When local derivatives are well defined along a reference solution, the corresponding tangent sensitivity has the compact form
\[\mathbf{S}^{n+1} = \mathbf{J}_n\,\mathbf{S}^n + \partial_\theta \mathbf{F}_n, \qquad \mathbf{J}_n = \frac{\partial \mathbf{F}_n}{\partial \mathbf{X}^n},\]
with $\mathbf{S}^n = \partial \mathbf{X}^n/\partial\theta$ and $\mathbf{J}_n$ evaluated along that trajectory. The tangent-linear, adjoint, and automatic-differentiation paths implement exactly this linearization; the scalar structural gradient check verifies that they agree to single precision for a deliberately simple emission-amplitude control.
Mass consistency is a separate property from global affineness. The density field $\rho$ is a prescribed parameter held frozen across a step; the scheme advances the pair $(\rho, \rho C)$ with one and the same face mass fluxes and recovers $C = \rho C/\rho$, which is what preserves a uniform mixing ratio exactly (the constancy invariant).
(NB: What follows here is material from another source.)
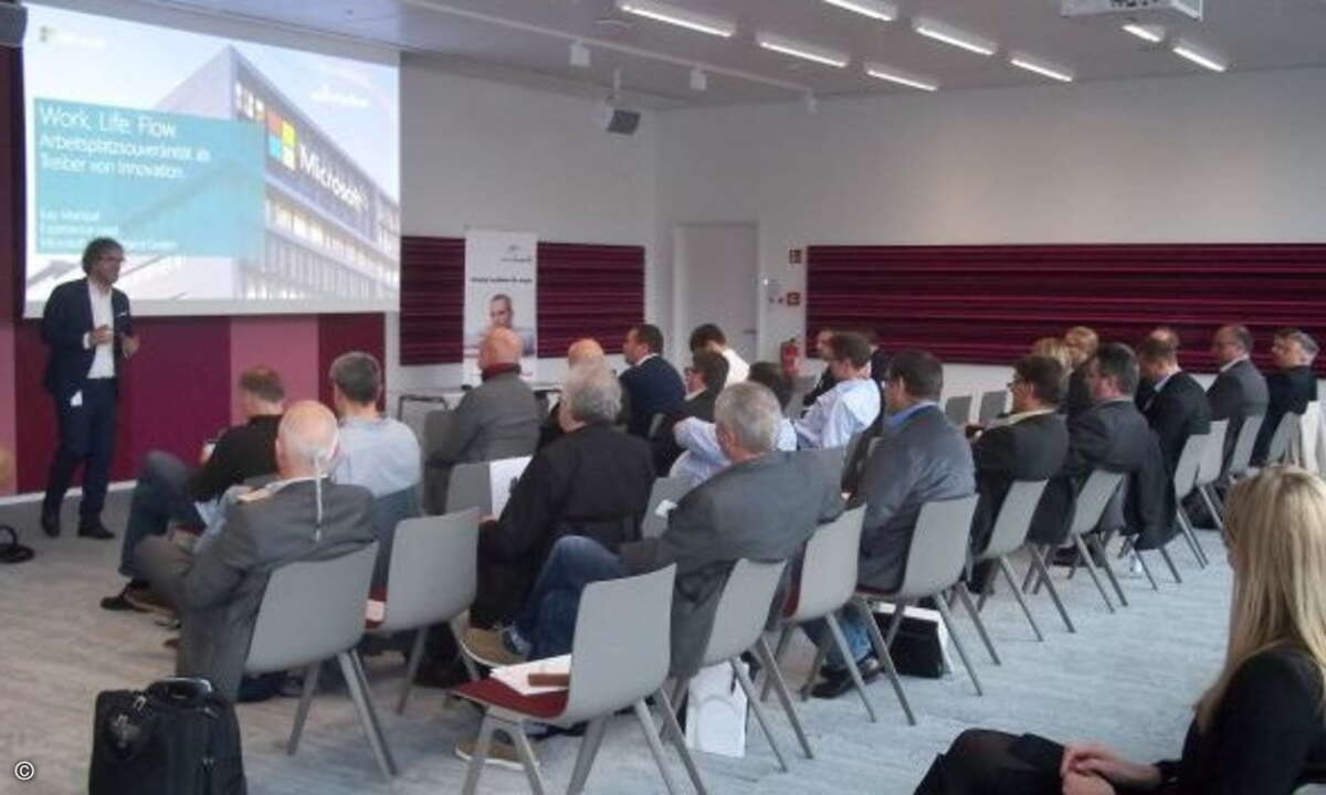 Kay Mantzel von Microsoft verdeutlichte den Teilnehmern das offene Konzept des neuen Microsoft Gebäudes. (Bildquelle: Würth Phoenix)
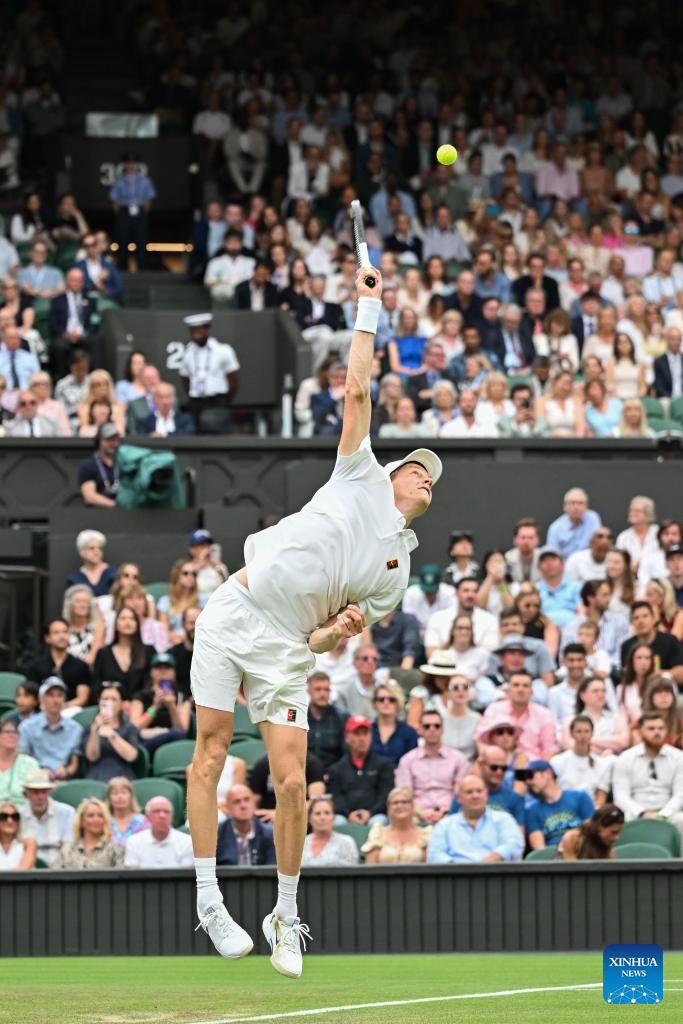 Jannik Sinner serves during the men's singles third round match between Jannik Sinner of Italy and Pedro Martinez of Spain at the Wimbledon Tennis Championships in London, Britain, July 5, 2025. (Xinhua/Zhao Dingzhe)

This holds for the Koren MUSCL family regardless of whether its one-step Jacobian is trajectory-dependent, because for a uniform field the limiter selects the same interface state on both sides of every face. See Numerical Methods and the constant-VMR test.
Keeping the forward core explicit about what it does and does not do makes TARSA easier to configure, benchmark, interpret, and embed in retrieval, collocation, optimization, and inversion pipelines than a full chemistry-transport model.